Burkov's contribution is to lay out the entire lifecycle in the order it must actually be executed, with decision frameworks for each phase. The book's influence shows up in:
- The widely-cited Cassie Kozyrkov foreword, which frames ML engineering as "decision intelligence"
- The adoption of its lifecycle structure by academic courses and industry training programs
- Its pairing with The Hundred-Page Machine Learning Book as the default two-book curriculum for ML practitioners
- The "read-first-pay-later" Leanpub model, which Burkov pioneered and which lowered the barrier to professional ML education
The book does not try to compete with Chip Huyen's Designing Machine Learning Systems (deeper on data and deployment) or with Géron's Hands-On Machine Learning (deeper on modeling with code). Its niche is breadth, brevity, and order: a single 310-page volume that walks a project from "should we use ML?" to "what do we do when the model breaks at 3 a.m.?"
Related Books
| Book | Author | Connection | |---|---|---| | The Hundred-Page Machine Learning Book | Andriy Burkov | The modeling companion — the what of ML, condensed | | Designing Machine Learning Systems | Chip Huyen | Deeper treatment of data engineering, deployment, and MLOps | | Hands-On Machine Learning with Scikit-Learn, Keras, and TensorFlow | Aurélien Géron | The code-first ML tutorial that complements this engineering overview | | Reliable Machine Learning | Todd Underwood | Goes deeper on the reliability and monitoring chapters | | Building Machine Learning Pipelines | Hapke & Nelson | Hands-on TFX and Kubeflow for the production phase | | Machine Learning Engineering in Action | Ben Wilson | A longer, code-heavy alternative for the production-phase chapters |
Final Verdict
Machine Learning Engineering is the book you hand to a strong ML practitioner who is about to ship their first model to production — or to a senior engineer who needs to understand why ML systems behave differently from any other software system.

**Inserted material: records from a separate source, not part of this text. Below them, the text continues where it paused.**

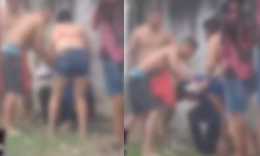 O ladrão foi espancado no meio da rua. Ele leva socos, chutes, e uma mulher também participa da agressão.
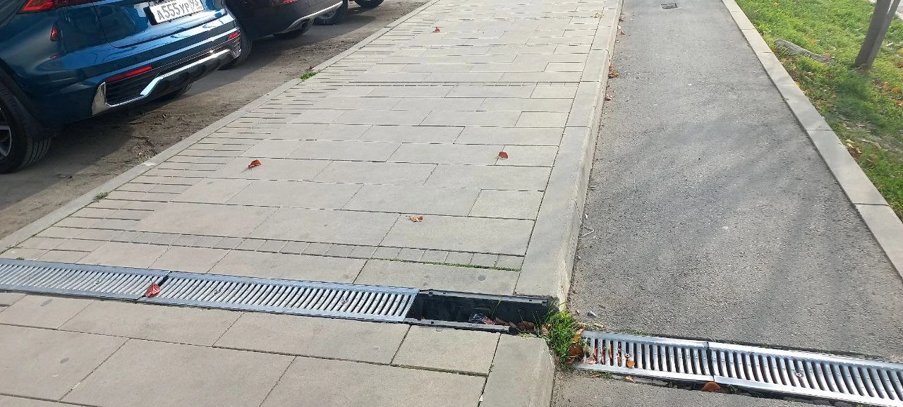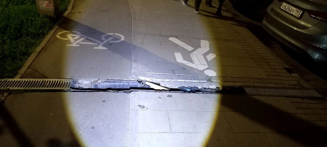 🗣️ «Вдоль Московской необходимо заменить разбитые решётки на велодорожках. Фото днем и ночью (при менее мощном фонарике эти дыры очень плохо видно!!)
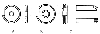 弹壳生产所用的三种车底成形车刀。其中A和B为圆盘成形刀,A多用于小口径枪弹弹壳。B用于大口径枪弹弹壳;C为菱形成形刀,也用于大口径枪弹弹壳。 |
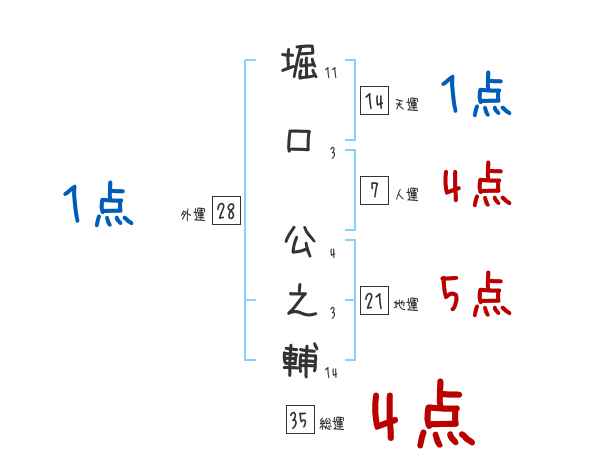 堀口公之輔さんの画数の鑑定結果
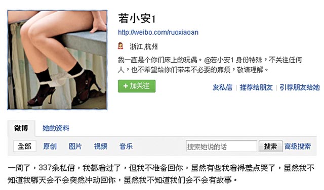 若小安是近月在网上走红的微博作者,她自称是失足妇女, 1989年出生,爱读书写作,希望做一位有思想、有文化的妓女。她常在微博上连载自己与不同男人的故事,曾描述第一个客人喜欢车震,而最特殊的客人是一位女人,还有喜欢看书的教授等。她说记不清邂逅了多少男人,但爱写下对每个客人的感受,获网民赞赏文采飞扬。
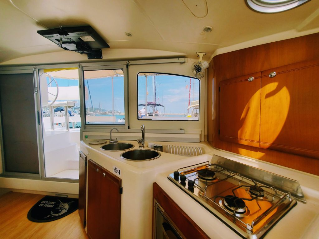Der Segelkatamaran Lavezzi 40 namens Sampei ist ein Katmaran mit 4-Kabinen und 10 Schlafplätzen in 4 Doppelkabinen und 1 Etagenbettkabinen sowie in einem Saloon.
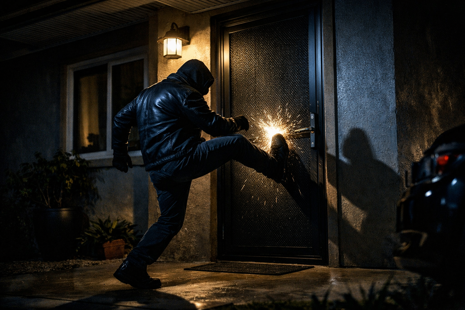 Most break-ins start the same way. The intruder goes for the fastest entry point. That usually means doors or windows, especially a front entry, side access point, or large sliding or hinged opening at the back. The first contact is rarely subtle. It is usually a hard shove, a kick, a shoulder charge, or a tool used to strike the security screen and frame.
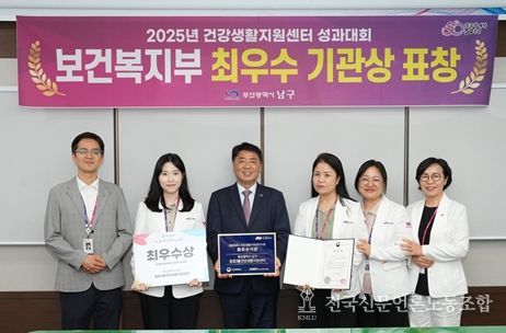 전국신문언론노동조합 이의용 기자 | 부산 남구 용호3동 건강생활지원센터가 보건복지부 주관 2025년 건강생활지원센터 성과대회에서 최우수기관으로 선정됐다.
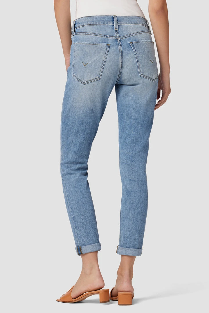 Our Lana Mid-Rise Boyfriend Crop Jean is cut for an easy fit from premium comfort stretch denim. The light indigo My Girl wash features gentle fading, back pocket destruction, and cropped hems.
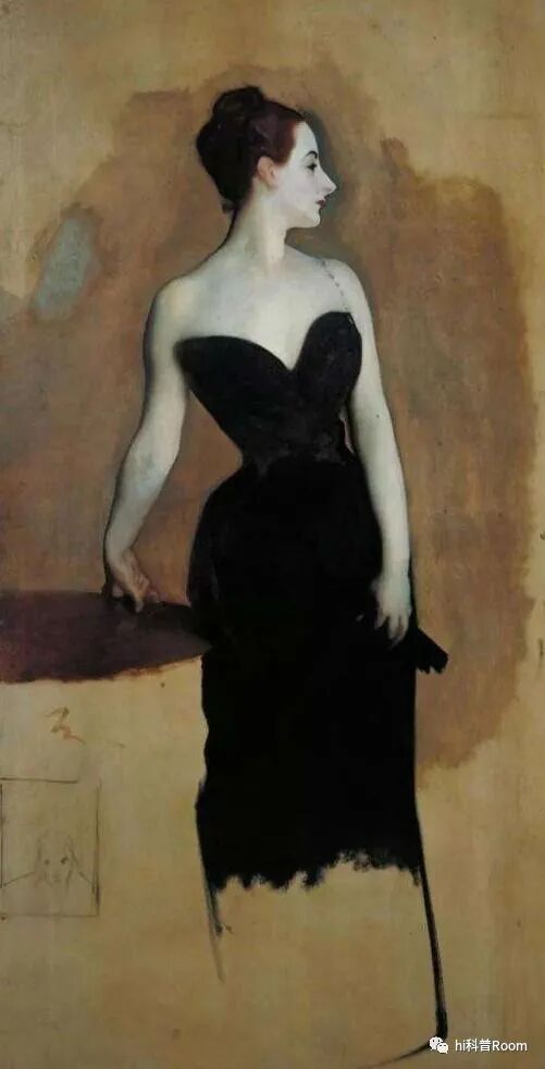约翰迫于无奈就想了一招,给摇摇欲坠的礼服上画了一条肩带,因为他太喜欢这幅作品了,费了不少心血,体现了他对美的理解。也能从他对多对次肩带的修改,以及对作品名称的“打码”,看出这位画家的内心是多挣扎。
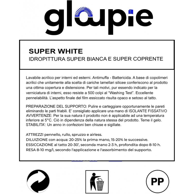 [Qualita' made in italy] : Gloupie super white pittura lavabile acrilica super coprente per le pareti e i muri di tutti gli ambienti interni ed esterni, confezione da 1 litro, interamente prodotta e confezionata in italia con materiali di alta qualità
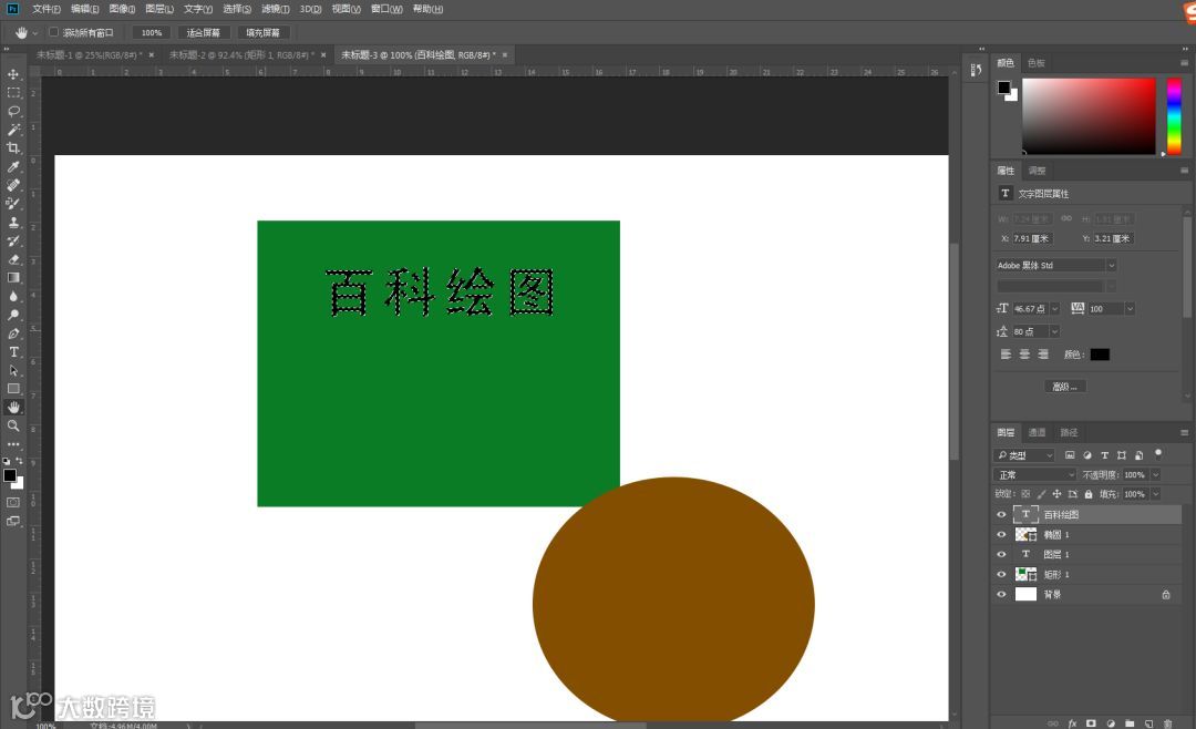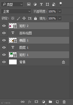 如上图所示,按住【Ctrl】后单击“百科绘图”这个图层缩览图后,能看到这个图层中的四个字就被选中了。
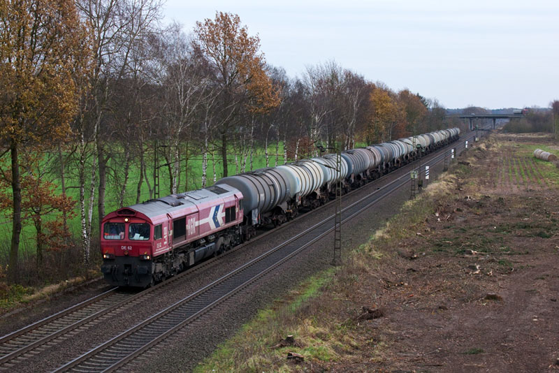 | Ein Kesselwagenzug nach Hamburg mit der HGK DE 62, einer Class 66. Borstel, 26. November 2011 |
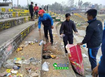 धरान: २१ औं गोधुली कप शनिबार सम्पन्न भएपछि आयोजक गोधुली कपले दुई दिन लगाएर रंगशालाको सफाई गरेको छ । क्लबको अगुवाईमा सदस्य तथा खेलाडीहरुले आइतबार(हिजो) र आज सोमबार रंगशालामा सरसफाई गरेको हो । क्लबका सदस्यहरु, खेलाडीहरुले श्रमदान गरेर फोहोरमैला संकलन गरेका थिए । आइतबार नै अधिकांश फोहोर संकल ...
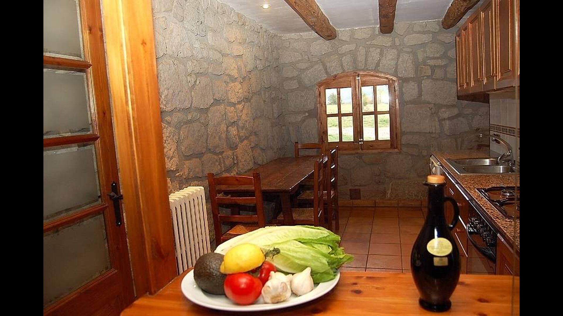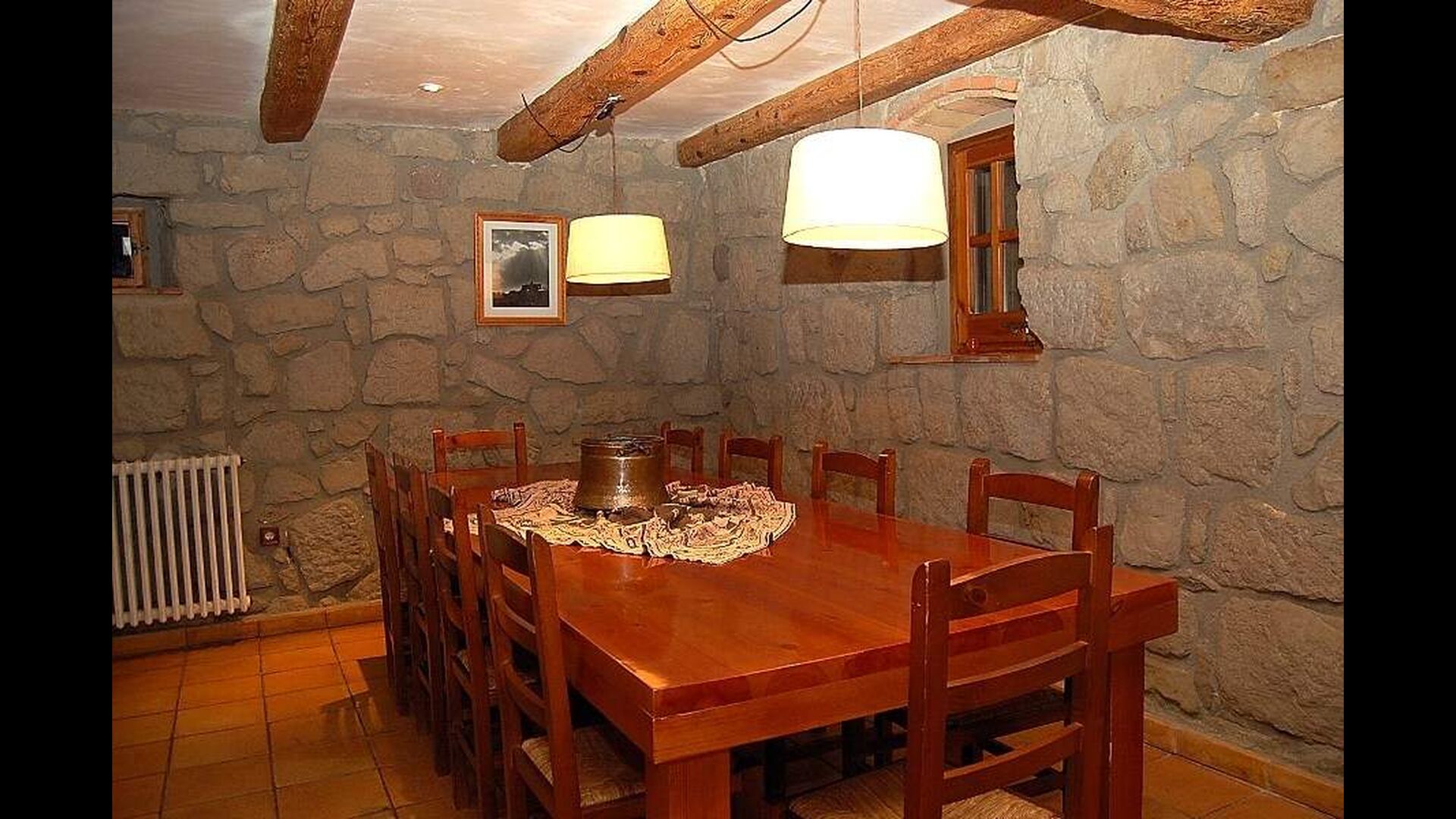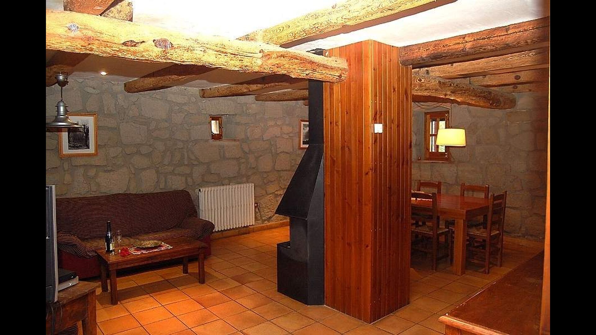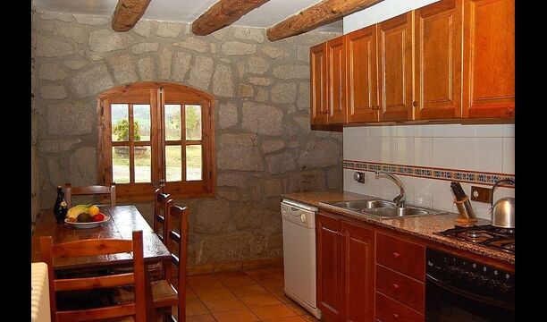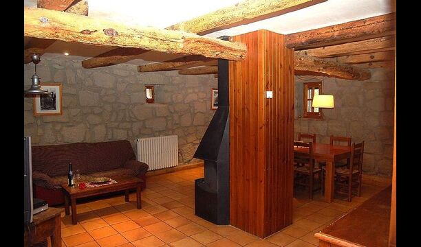Una de las cosas mejores y más fascinantes de Casa Setas es su estilo auténtico: aquí realmente se ha ido más allá de los detalles. General para esta casa es que tiene paredes de piedra originales y vigas que llevan la casa. La casa tiene dos plantas. La planta baja tiene una cocina con lavavajillas, lavadora, horno y otros equipos necesarios. También hay una sala de estar grande y espaciosa con chimenea, TV, mesa de comedor y sala de estar. Esta habitación es muy singular porque tiene una columna de madera en el centro, una reliquia del edificio original. También hay acceso directo a la terraza.

It will not teach you to code a neural network. It will teach you whether you should, what to do before you do, and what to do when it breaks.
The book's greatest strength is its ordering. The greatest weakness, by design, is its breadth — a reviewer wanting deep treatment of feature stores, canary deployments, or drift detection will need a supplementary text. Read it for the map; read Huyen for the territory.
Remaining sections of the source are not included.